CRoss Industry Standard Process for Data Mining (CRISP-DM) is a data mining project development methodology that establishes tasks and levels of abstraction, hierarchically structured to facilitate its implementation through a set of actions that help in making decisions. Essence is a theory that helps identify best practices and essential, common, and universal elements to all endeavor in the software development cycle. In the literature, there are different models of representation of the CRISP-DM methodology, such as verbal model, conceptual model, process understanding model, and ontology. However, it considered that these representation models lack the incorporation of some elements, such as, activities, work products, and roles of the CRISP-DM methodology. In this paper we propose a representation based on Essence of the CRISP-DM methodology, incorporating the essential elements that we believe are missing from existing representations. With the representation in Essence that is proposed, the aim is to improve the understanding of best practices and the essential, common, and universal elements of the CRISP-DM methodology for future implementations in data mining projects. In addition, it seeks to validate that Essence can be used in different of data mining projects.
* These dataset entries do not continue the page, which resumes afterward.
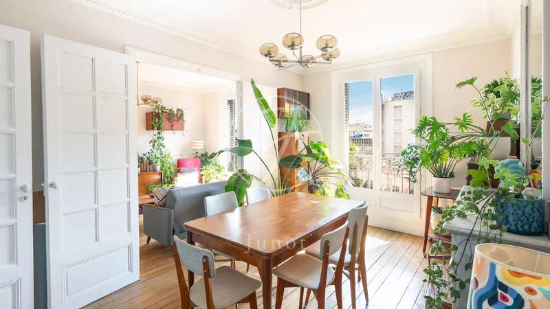 Across from Lariboisière Hospital, just steps from the Barbès metro station, this 61.35sqm (660 sq ft) Carrez Law apartment, located on the fourth floor (with elevator access), boasts a magnificent south-facing double living room with no overlooked views and unobstructed views. This property also features an entrance hall with a fitted and equipped open-plan kitchen, a bedroom overlooking a quiet courtyard, a shower room, and a separate toilet. This dual-aspect apartment has been completely renovated with quality materials while preserving its period charm (wooden floors, moldings, fireplace). It features refined decor, plenty of storage space, and a very well-maintained condominium. A cellar completes this property. EXCLUSIVE.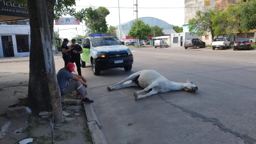 Un caballo convulsionó en plena vía pública y falleció en el cruce de la avenida El Maestro y calle Formosa, cuando era llevado por su propietaria a la Facultad de Veterinaria para ser atendido.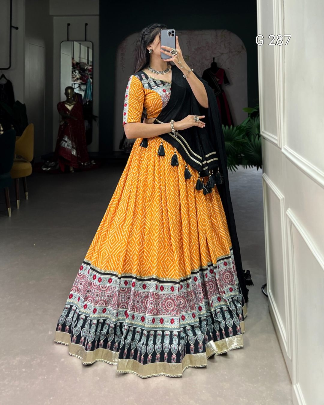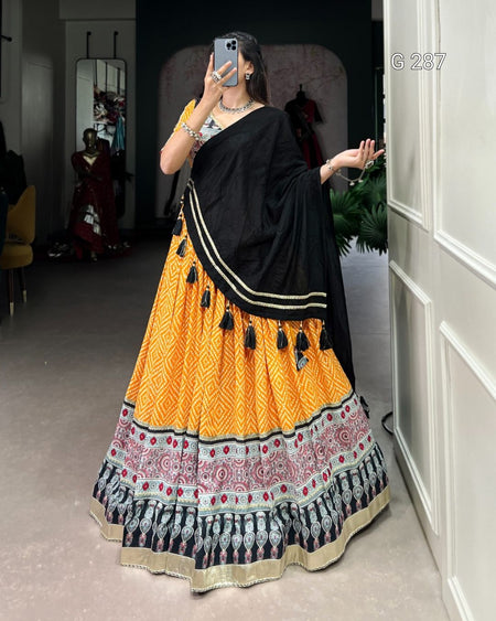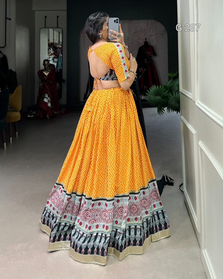 Bandhej & Ajrakh Print Rayon Lehenga with Embossed Design & Gota Lace – G 287 Yellow

Keywords: CRISP-DM methodology; data mining; representation model; essence

1 Introduction

CRoss Industry Standard Process for Data Mining (CRISP-DM) is a methodology that is grouped into activities that are described in four levels of abstraction, ranging from general to specific: phases, generic tasks, specific tasks, and processes instantiated in life cycle of data mining projects.

CRISP-DM contains phases, tasks, and relationships between tasks, where phases are neither rigid nor consecutive, but are flexible, discontinuous, and repetitive throughout the project’s life cycle. Similarly, CRISP-DM defines tasks, products of these tasks, terminologies, and it characterizes types of data mining problems.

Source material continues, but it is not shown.